## WHAT TO PRODUCE
Beneath this task are records; print exactly the stretch of them from the line with "한국시간으로 8월 26일" through the line with "5日、黒竜江省チチハル市の空に輝く満月。(チチハル=新華社配信/王勇剛)", both ends included.

## AVAILABLE RECORDS
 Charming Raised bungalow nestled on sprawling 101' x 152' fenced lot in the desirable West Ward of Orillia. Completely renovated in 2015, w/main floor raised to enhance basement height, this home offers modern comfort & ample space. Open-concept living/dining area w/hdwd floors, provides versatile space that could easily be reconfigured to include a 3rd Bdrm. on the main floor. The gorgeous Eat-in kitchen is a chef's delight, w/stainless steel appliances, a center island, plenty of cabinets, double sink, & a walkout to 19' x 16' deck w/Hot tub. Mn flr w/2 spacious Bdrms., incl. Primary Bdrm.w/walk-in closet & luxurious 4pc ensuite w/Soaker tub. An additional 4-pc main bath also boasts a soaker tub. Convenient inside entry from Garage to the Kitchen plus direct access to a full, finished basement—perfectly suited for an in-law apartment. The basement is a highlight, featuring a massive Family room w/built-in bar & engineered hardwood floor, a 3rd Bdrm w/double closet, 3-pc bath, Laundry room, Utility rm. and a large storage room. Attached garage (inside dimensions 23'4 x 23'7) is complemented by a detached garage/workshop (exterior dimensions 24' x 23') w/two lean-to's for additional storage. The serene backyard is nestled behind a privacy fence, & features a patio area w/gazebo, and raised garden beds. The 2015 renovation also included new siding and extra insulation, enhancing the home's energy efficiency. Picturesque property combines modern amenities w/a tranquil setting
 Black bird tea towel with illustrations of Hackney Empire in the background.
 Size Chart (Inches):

...

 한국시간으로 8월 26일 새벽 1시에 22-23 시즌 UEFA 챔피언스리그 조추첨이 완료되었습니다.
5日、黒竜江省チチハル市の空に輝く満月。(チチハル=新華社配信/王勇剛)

## ANSWER BOX
 한국시간으로 8월 26일 새벽 1시에 22-23 시즌 UEFA 챔피언스리그 조추첨이 완료되었습니다.
5日、黒竜江省チチハル市の空に輝く満月。(チチハル=新華社配信/王勇剛)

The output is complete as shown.